Base.typesplit(Union{S,T,U}, T) == Union{S,U}

Inside the function there must be an iteration to go over S, T, and U one by one. Does this iteration uses the :a and :b trick discussed above?

julia> methods(Base.typesplit)
# 1 method for generic function "typesplit" from Base:
 [1] typesplit(a, b)
     @ promotion.jl:147
1 Like
4 Likes

@nsajko Very nice! Thank you. So, typesplit() does use the :a and :b internals and public API accessing Union components is being considered.

That’s a proper continuation of this thread.

1 Like

We really do need a way to look at each member of union type that is stable. A good amount of packages end up touching stuff related to UnionAll and Union that is internal API.

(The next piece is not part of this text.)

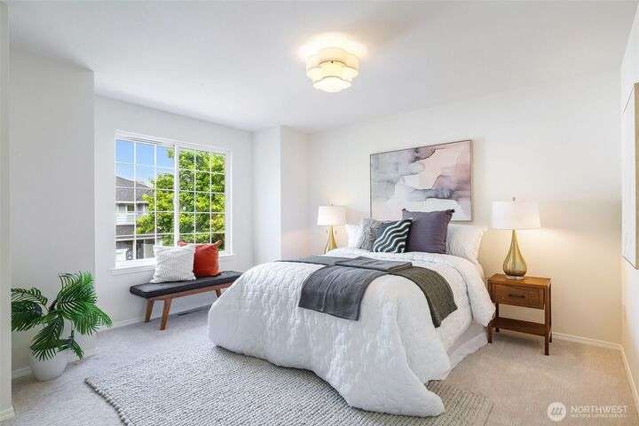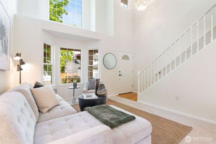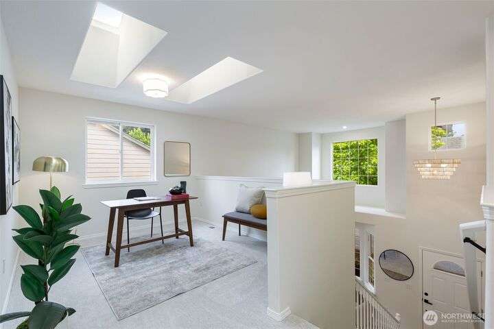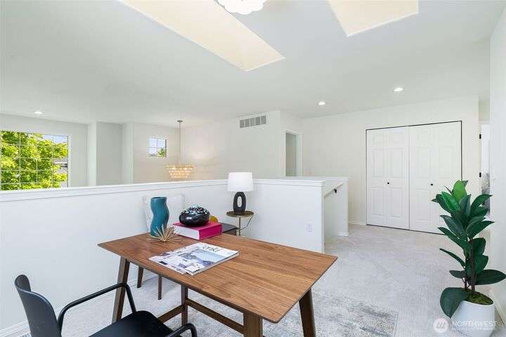 Tucked on a quiet side street in Waterbury Meadows, this sun-drenched beauty dazzles with amazing updates throughout—soaring ceilings, skylights, gleaming hardwoods, fresh paint, chic lighting, new tile & plush carpet. The remodeled kitchen with all-new stainless appliances flows into an open living area anchored by a cozy gas fireplace, perfect for gatherings. Step outside to a fully fenced backyard with new privacy trees, ideal for entertaining or relaxing. Upstairs, a spacious primary suite with walk-in & ensuite, 2 bedrooms, full bath & versatile loft perfect for office, playroom, or potential 4th bedroom. Laundry room, 2-car garage, new roof, new fence, community play area, and top-rated Northshore Schools complete this must-see home!

I think one of the big issues in the way of progress here is the conflict between what a Union is conceptually and the reality of its implementation. Although the implementation of Union is in of itself a collection, it is conceptually a type whose subtypes my be non-finite. This doesn’t mean we can’t do anything with types that subtype an unknown quantity of other types. After all we have methods like typejoin and typeintersect that work on Union. However, defining something that is conceptually robust and functionally useful can get pretty difficult.

For example, let’s say you want typediff(lhs, rhs) -> ty so that !(ty <: rhs) && (ty <: lhs). The practical application may at first seem simple and useful (typediff(Union{Int, Char, Symbol}, Int) -> Union{Char, Symbol}), but what do you do for typediff(Union{Integer Char, Symbol}, Int)? You have to decide whether you want to create a new union including every subtype except Int or if there’s a meaningful heuristic where we can agree that typediff gives up.

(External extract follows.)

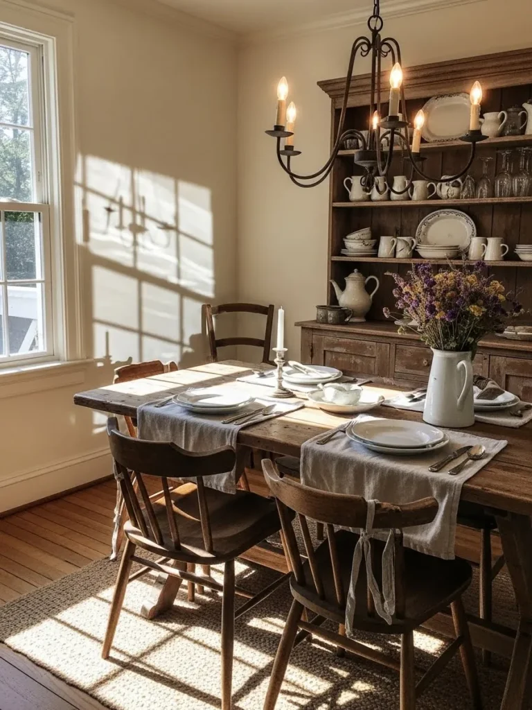 This charming farmhouse dining nook feels like the kind of space where mornings always start slow and sweet. Warm sunlight pours through the window and casts the prettiest shadows across the room. The wooden table has that perfectly weathered look that only gets better with age and pairs beautifully with the classic spindle-back chairs. Soft linen runners add a relaxed texture while simple white dinnerware keeps everything feeling airy and uncluttered. The vintage hutch in the background is filled with stacked plates and collected pottery that give the entire room a lived-in storybook charm. The iron chandelier brings in a gentle glow that makes the room feel cozy any time of day.

Unless the goal is literally to convert between types, we usually care more about some trait related lhs than the type itself. In which case, you really do just want to check some trait on each member in a union. This might be okay if poking around inside of Union was alright to do, but I don’t think everyone has agreed that the current implementation is what we want forever.

1 Like
typediff(Union{Int, Char, Symbol}, Int) # -> Union{Char, Symbol}
typediff(Union{Integer Char, Symbol}, Int) # -> ???

I see!

Initially, I naïvely thought, why not use the AbstractSet API for Union ? But, now I realize that types has not only equality but also subtyping <: . So, it’s like a set of sets and <: is like ⊆.

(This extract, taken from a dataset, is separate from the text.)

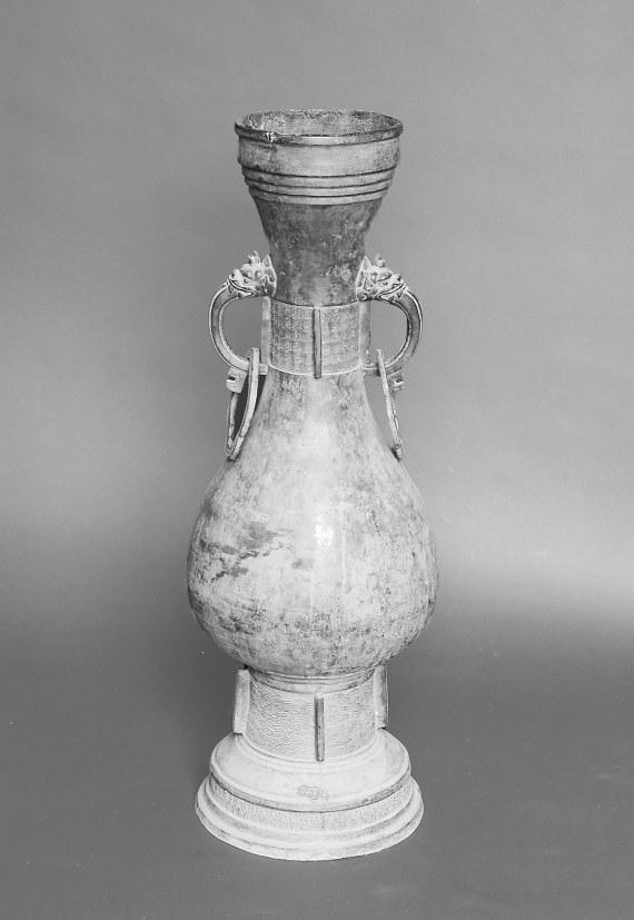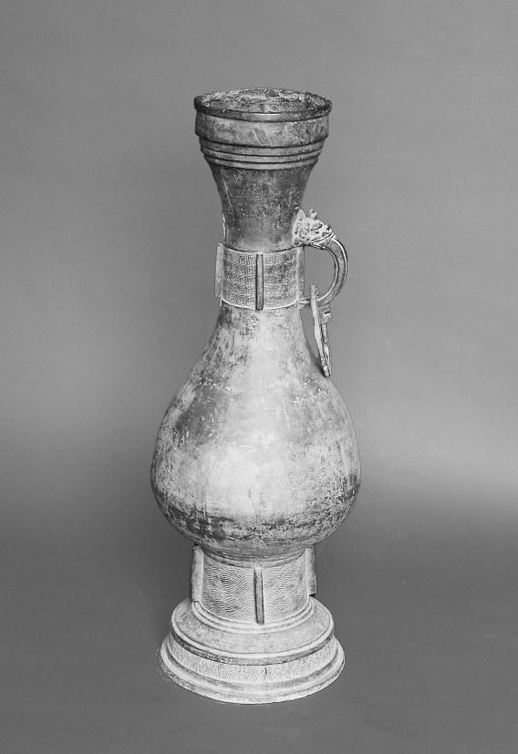 明獸面銜環(huán)耳銅瓶:該銅瓶古樸修長、厚重。銅瓶為一對,形制及紋飾相同,高0.9米,口徑0.19米,重43.86千克。直口,外卷方唇,束長頸,對稱置獨角獸吐舌形半環(huán)耳,下帶小珥,耳套如意形環(huán),垂膽形腹,束高脛,下為折肩形圈足,足口外撇,無底??谘叵嘛椚腊枷壹y,頸部飾四個等分菲棱,間以雷地紋,脛部飾四菲棱間以鱗形波浪紋,圈足飾菲棱形回紋。銅瓶原存放于崆峒山太和宮真武殿真武像前,置于韓王鼎左右。

So, it all depends how you would use, or what you want from, typediff(). I’m far from knowledgeable enough about the implementation of the Julia languge to go further than this point in a meaningful way. . . . my useless thought is, if we use the “set of sets” analogy, “diff” is “xor” and

{Integer, Char, Symbol} xor {Int} == {Integer, Char, Symbol, Int}

because here we use only equality to define “diff”, but I guess that’s not what you want in the implementation of the language.